Evan Davis asked Debs Wild, (described as a "music industry consultant") what she thought of the song. She offered: "It's formulaic … more house than pop." The other participant was Boff Whalley, former lead guitarist of the agit-prop band Chumbawamba, who had a massive hit with "Tubthumping" in 1997 and who gained a lot of fans when their lead singer chucked a jug of water over John Prescott at the 1998 Brit Awards. Although now disbanded, Chumbawamba are putting out an In Memoriam Maggie Thatcher CD, recorded four years ago (they announced it would be released "as part of the celebrations" on her death) and which had to be prepaid for online at the time. Did Evan realise that a hard-core Maggie-hater had penetrated Radio 4's heavyweight discussion about Korean pop? In the event, Boff didn't plug his Maggie music, but managed to make some of the most fatuous remarks about culture I've heard in the long time. His main complaint about Psy's "Gentleman" was that "it sounded the same" as his previous hit.

Boff went on to complain he'd visited the Roy Lichtenstein show at Tate Modern and was disgusted because "every room was exactly the same". According to him, "great artists should do different things" – and he boasted how Chumbawamba had gone to great lengths to "lose" fans, relentlessly changing their style with every song until they finally split in 2012. Boff rated The Beatles and The Clash, because "they constantly changed".

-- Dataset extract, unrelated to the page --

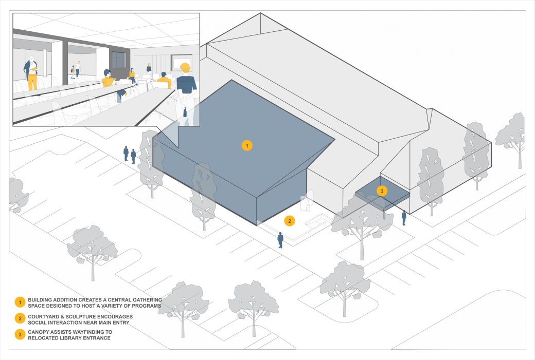 Full renovation of the existing library branch along with a 2,000 SF addition for expanded services, programming, and other site upgrades.
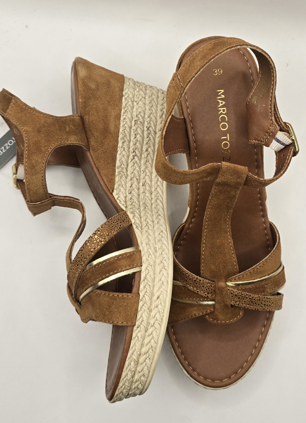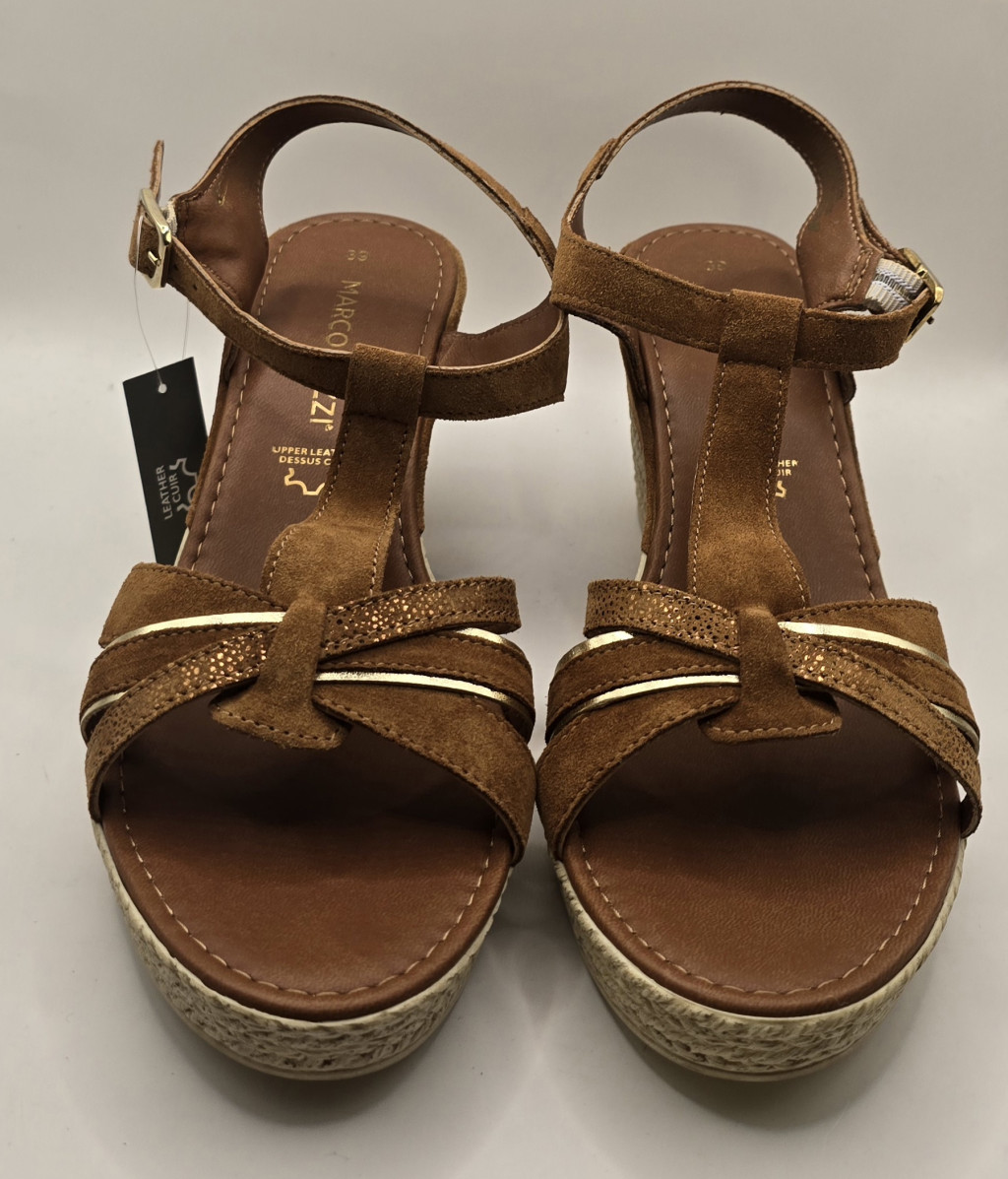 Emelje ki nyári szettjeit ezzel a prémium megjelenésű, Marco Tozzi éktalpú szandállal! A lábbeli különlegessége a fonott textúrájú talp és a finom megmunkálású pántrendszer, amelyet elegáns arany csíkok és texturált betétek tesznek még vonzóbbá.

Have you ever heard such drivel? Change for the sake of it, as a measuring stick for cultural significance and great art? Well, that's Francis Bacon, Jenny Saville, Lucian Freud, Jane Austen and the Pet Shop Boys all gone down the dumper. Psy makes pure celebratory pop. Why should he change a formula that appeals, no matter what language you speak or what god you worship? Being lightweight, frothy and fun is an artform. Never fall into the trap of thinking that being a pop star is a job for dolts. Only intelligent men and women sell records by the million. Sorry Boff: your philosophy might read like an anarchist's handbook, but you're destined to remain a footnote in pop history.

Feeble Beeb

The BBC dithers over "Ding Dong! The Witch is Dead" from The Wizard of Oz, which is heading towards the top of the charts after anti-Thatcher campaigners urged people to buy it. Tony Hall, the new director-general, thinks the campaign "is rather tasteless", distancing himself from the controversy, saying that the inclusion of the song in the Official Chart Show today "is an editorial matter". Ben Cooper, head of Radio One (salary £168,000 a year) has decided to play "up to five seconds" of it.

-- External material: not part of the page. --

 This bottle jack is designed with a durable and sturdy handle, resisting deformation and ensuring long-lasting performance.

Has the BBC learnt nothing since refusing to play "God Save the Queen" by the Sex Pistols in 1977, even though the single was at No 2 in the UK singles chart and topped the NME chart? The Independent Broadcasting Authority banned the record from commerical radio, as if listening to it would corrupt an entire nation. The result? It is perennially listed as one of the greatest songs of all time and one of the most important political songs ever. Bans never work, even if they're as half-hearted as this one, which annoys everyone. Can the BBC stop nannying us? John Lydon said he deplores the tasteless scenes celebrating Maggie's death, and didn't want "God Save the Queen" re-released. The BBC has made the wrong decision.

Danse macabre

Tonight is the last night of the first UK run of the controversial ballet based on convicted drug smuggler Billy Hayes's memoir Midnight Express at the London Coliseum. This brash production, first staged in 2000, received mixed reviews, but 20-year-old Johan Christensen, who took over the lead at a few days' notice when Russian bad-boy Sergei Polunin stormed back to Moscow, performed brilliantly and received a standing ovation the night I was there. Polunin was rumoured to have fled because he couldn't stomach the scenes of male rape. What was he expecting? The story is set in a men's prison and Peter Schaufuss is a famous controversialist whose attempts to attract a wider audience to dance include a 2003 ballet based on the life of Princess Diana. Next month, his Hamlet (starring Christensen) opens at the Bloomsbury Theatre in London. It's guaranteed not to be boring. Shauffuss seems to resonate with audiences, even if the critics sneer.

H M Helen

Does an extraordinary impersonation make a great play? I wonder what draws a sellout crowd to The Audience, starring Helen Mirren as the Queen receiving a roster of our prime ministers for their weekly chat. I've met several of our prime ministers, sometimes informally. Callaghan invited me to the first Downing Street party to celebrate women's achievements. Sadly, in The Audience, I found Peter Morgan's version of John Major insufferably lightweight, and his Gordon Brown equally unconvincing. It's easier to warm to Mirren's role, because we know less about what Her Majesty thinks, and hardly ever hear her say anything that isn't heavily coded and scripted. This isn't a play, but a series of turns, and some are just a lot meatier than others. It's being "reworked" before it transfers to Broadway – I wonder whether Haydn Gwynne's acerbic Maggie will be toned down?

Punk Maggie?

Writing in The Spectator, David Cameron's "blue sky thinker" Steve Hilton describes Maggie as "thrillingly anti-establishment: as much of a punk, and as brilliantly British as Vivienne Westwood", and raves about how "she was Steve Jobs, Richard Branson and Lady Gaga all rolled into one". I want whatever he's taking.